Revenge of the Tenured Radicals

The conviction that American higher education is a ship far off course and heading for the rocks was strengthened last week with the announcement that Harvard’s president Larry Summers had been pressured into resigning.

Since Summers assumed the post in 2001, the faculty – composed mainly of professors whom Roger Kimball accurately calls “tenured radicals” – had repeatedly quarreled with Summers because he didn’t fit their idea of a modern university president. They had already voted “no confidence” in him once and were preparing to do so again. Why?

A modern university president must – absolutely must! – bow down before the idols of the leftist thoughtworld. Those idols include the abhorrence of the American military, acceptance of the idea that the historical grievances of blacks entitle them to special treatment today, and the belief that discrimination is the only possible explanation for group differences. Not only did Summers not bow down to those idols, but he said and did things to indicate that he rejects them.

As he has learned, the university faculty has a zero-tolerance policy for heresy.

To the tenured radicals, the military is a barbaric atavism. Summers painted himself with a scarlet (make that crimson) H for Heretic when he had a few words of praise for the military and sought to reverse the long-standing ban against ROTC on campus. At faculty meetings, many a conversation no doubt began, “Can you believe what Summers just said….?”

Another of Summers’ sins was to criticize – privately – Harvard’s superstar Black Studies professor Cornel West. West had been spending most of his time doing things in the realm of politics and entertainment. Summers had the effrontery to suggest that he ought to devote more of his time to academic matters.

Well! Just who is that white overseer to tell a black intellectual what to do? West went public with this unspeakable abuse and huffed off to do his thing at Princeton. Summers apologized for his indiscretion, but to no avail.

Blunders like those had put Summers’ head in the noose, but what sprung the trap door was his questioning of a central tenet of feminist orthodoxy: All statistical disparities between men and women are evil, unjustifiable, and due to discrimination. Summers angered the keepers of the faith when he carelessly advanced the hypothesis that the comparative shortage of women in hard science faculty positions might be due to something else – like biology and the choices many women make.

The howls of indignation were ceaseless. University presidents are supposed to know that it’s nothing but discrimination – the glass ceiling – that keeps women from achieving parity with men. Summers might just as well have said that he thought we should discuss whether the earth is flat.

Taken aback by the paroxysms of rage occasioned by his “insensitive” speculation, Summers apologized for his transgression and pledged to start a new “diversity” campaign on campus. Ah, but you just can’t apologize for words so heinous and hurtful as those.

Larry Summers will leave the Harvard presidency rather than face bitter opposition to his program for restoring some of the university’s lost academic integrity. Does it matter?

A crucial point to understand is that in the governance of colleges and universities, the fault line does not lie along the liberal versus conservative divide. Rather, it is between those who are educational traditionalists and those who want to use education to further their ideological visions. People in the former camp believe that students should learn critical skills and master bodies of knowledge.
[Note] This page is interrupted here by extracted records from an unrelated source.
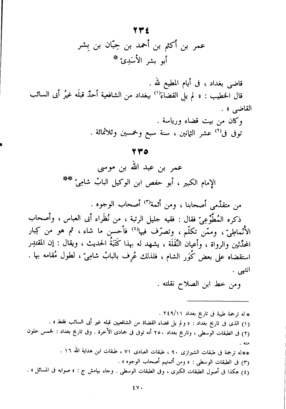 235 - عمر بن عبد الله بن مُوسَى الإِمَام الْكَبِير أَبُو حَفْص ابْن الْوَكِيل الْبَاب شامى
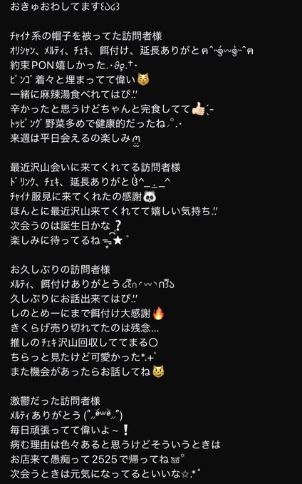 沖縄・那覇 でりしゃすぽしゃけむすびもぎゅ🍙@デビエンメイド@mogyu_delipo·9時間おきゅおわ🎶 はっぴーばーすでぃの幸せな日をお祝いできたのとっても嬉しい😭✨ もぎゅと出会ってくれて今日会いに来てくれてありがとう‼︎🥰🥰 一緒にお祝いしてくれたご主人様も幸せをありがとうございます🎶 また来年もお祝いしたいな💭 ぽん!も乾杯もチェキも遠隔もありがとです💞 次は23日💭引用むすびもぎゅ🍙@デビエンメイド@mogyu_delipo·19時間がおがおがおがお!!🐺🖤 ご主人様のおでんも食べちゃうんだお!! めっちゃ雨空模様でとってもぴえん…☔️ もぎゅが傘になってあげるね^_^♩ 2時までご帰宅お待ちしてます♡ x.com/devil_angel_ok…33786
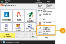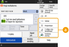I <Favorittinnst.> kan du registrere ofte brukte prosedyrer for kopiering samt ofte spesifiserte mottakere og innstillinger for skanning. Hvis du vl ha mer informasjon, kan du se Registrere en kombinasjon av ofte brukte funksjoner.
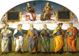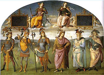 Perugino, avec une inscription qui fait allusion au débat sur la supériorité des Anciens ou des Modernes (Ci-contre à gauche).
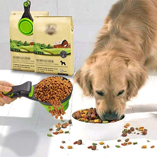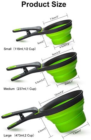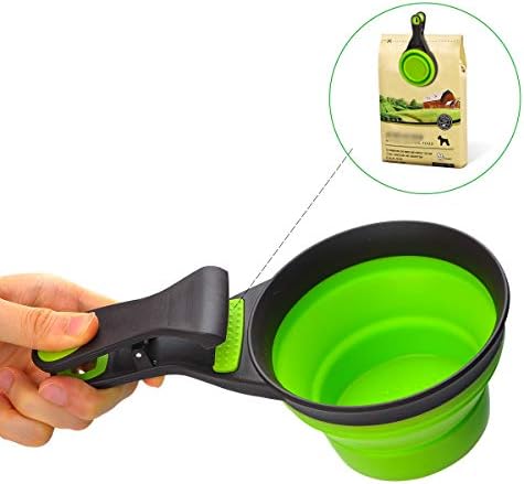 TOP STAR 3 in 1 Pets Silicon Collapsible Measuring Cups,for Pets Dogs,Cats Food Water Scoop,Bag Clip (1/2 CUP Capacity,118ml)

People in the latter want to ensure that students adopt the right attitudes about “social justice,” the environment, cultural oppression, and so on.

Alas, most of the people who are positioned to run educational institutions at any level are from the ideological vision group. Most professors want to work for someone of their own tribe.

Summers had impeccably liberal political credentials, but educationally he was a traditionalist. What the fight for control of Harvard tells us is that traditionalists have an extremely difficult task in front of them. Even the slightest, most innocuous or inadvertent criticism of the hallowed beliefs of the visionaries will trigger furious protests, denunciations, and “no confidence votes.”

Following the defeat of Judge Robert Bork’s Supreme Court nomination, a new verb entered the language – “borked.”

Similarly, the language may now get another new verb – “summersed” – meaning to hound out of office a university president who doesn’t accept the faculty’s view on the purpose of higher education.